Маршалу стало тоскливо и скучно, он так же отстраненно из-за дымки уточнил: а что это за партии такие?
«Нулевка» – ваш, товарищ Командующий Рода Войск, водитель. Первая партия – каптер, хлеборез и старший сержант Руденко (за кражу машины пиломатериалов из соседней бригады связи – но про это не стал); вторая (заметил, Маршалу противно, что я загибаю пальцы, и бросил) – медбрат (за сокрытие нашествия вшей), племянник старшего прапорщика Ковальчука и водитель начальника штаба генерал-лейтенанта…
Командующий дважды шевельнул рукой: молчи и – вали, – я выбрался в приемную, где адъютанты и собравшиеся генералы взглянули на мою зубную пасту с гадливым ужасом, как на вывернутые кишки смертельно раненного, который несется по полю, не соображая, что надо падать: убит.
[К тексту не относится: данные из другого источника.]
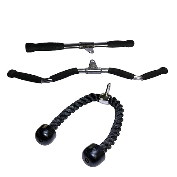 - High-polish chrome finish And Good Quality Steel. In Box : 1 Zig Zag Bar Handle, 1 Triceps straight Lat Bar,1 Triceps Rope Handle.
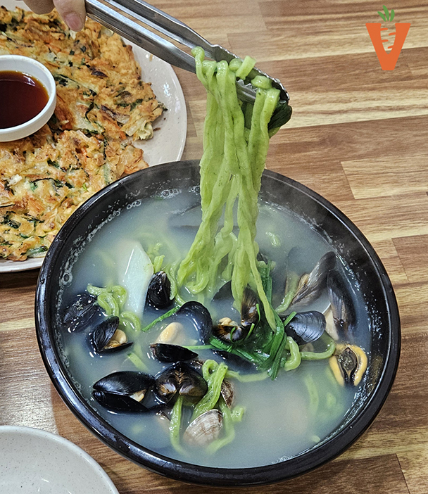 해물칼국수는 신선한 시금치를 갈아 넣어서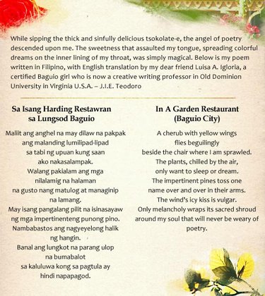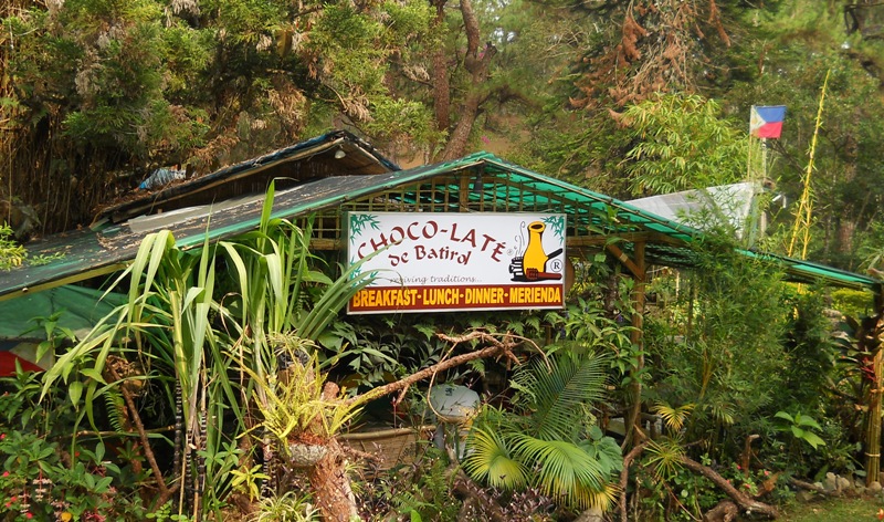 How could I forget the restaurantâs name? Choco-laté de Batirol. It was immediately carved in my mind. It was an instant obsession - I couldnât stop thinking of it. I told myself, I have to go there. The place reminded me of my favorite restaurant in Puerto Princesa Cityâthe Kamarikutan Kape at Galeri owned by my artist-friend Dinggot Conde-Prieto and her goddess mother Nanay Dayang Macasaet. These two wonderful women divide their time between Puerto and Baguio. Kamarikutan is a lot bigger but the flowers, art works, and overall ambiance is almost the same. Puerto Princesa is, of course, warm and humid most of the time while Baguio is sensually cold. On a Wednesday afternoon, during the free day of the workshop, I did not go with my friends who went to Session Road. Instead, I hiked down to Choco-laté de Batirol after a short siesta. The tall pine trees standing straight were almost impersonal. I walked slowly, savoring the green and cool surroundings. I passed by the golf course and stopped to observe three rich-looking men playing the game. Again I wondered, what pleasure do people get from playing golf? I had asked this question during the merienda break on the first day of the workshop. Below the venue is a tee hole, and I was looking at the men playing and I thought they were as bored as I was by their game. I asked the question to no one in particular. Somebody answered, âPerhaps you need to have a Swiss account to appreciate the game?" I stopped asking, and thought of my ATM account that had a balance of less than P100 most of the time. When I reached the restaurant, I discovered that it is located in the section of Camp John Hay called Igorot Garden. The area is rather shabby, with a statue of an Igorot woman in the middle. The name of the restaurant is lovingly carved on wood with designs of flowers, the pitcher for mixing the traditional tsokolate-e and the batirol, a wooden mixer used manually.

После обеда мой командир, подполковник Фролов, обладатель невероятно крохотной головы, не ведавший, что водка его вот-вот заберет (какая красавица – заведующая продбазы – его любила! Земля ему пухом!), обиженно сопя, выложил передо мной необходимые документы на выход из армии, а поверх – электронные часы (повалили в одно время – на железных браслетах, цифры, мелодии, рогатые кнопочки по бокам) с гравировкой «Рядовому такому-то от Командующего Рода Войск»; часы украли в общежитии, и я ни разу не пожалел; за проходной я оттолкнулся от земли посильней и – полетел.
Проискав три дня комсомольский билет и пять минут фальшиво поплакав в горкоме комсомола (юный вождь молодежи, навряд ли старше пятидесяти лет, прохаживался у меня за спиной, повторяя: «Как же ты мог это допустить?», – вздохнет, посмотрит, как я вытираю слезы, и по новой: «Нет, я не понимаю: как ты мог это допустить? Может быть, ты находился в бессознательном состоянии?»), трамваем от «Октябрьской» я приехал в рай на Шверника, в пятилетку счастливого детства, полную (чуть было не написал «невинных») развлечений и удовольствий.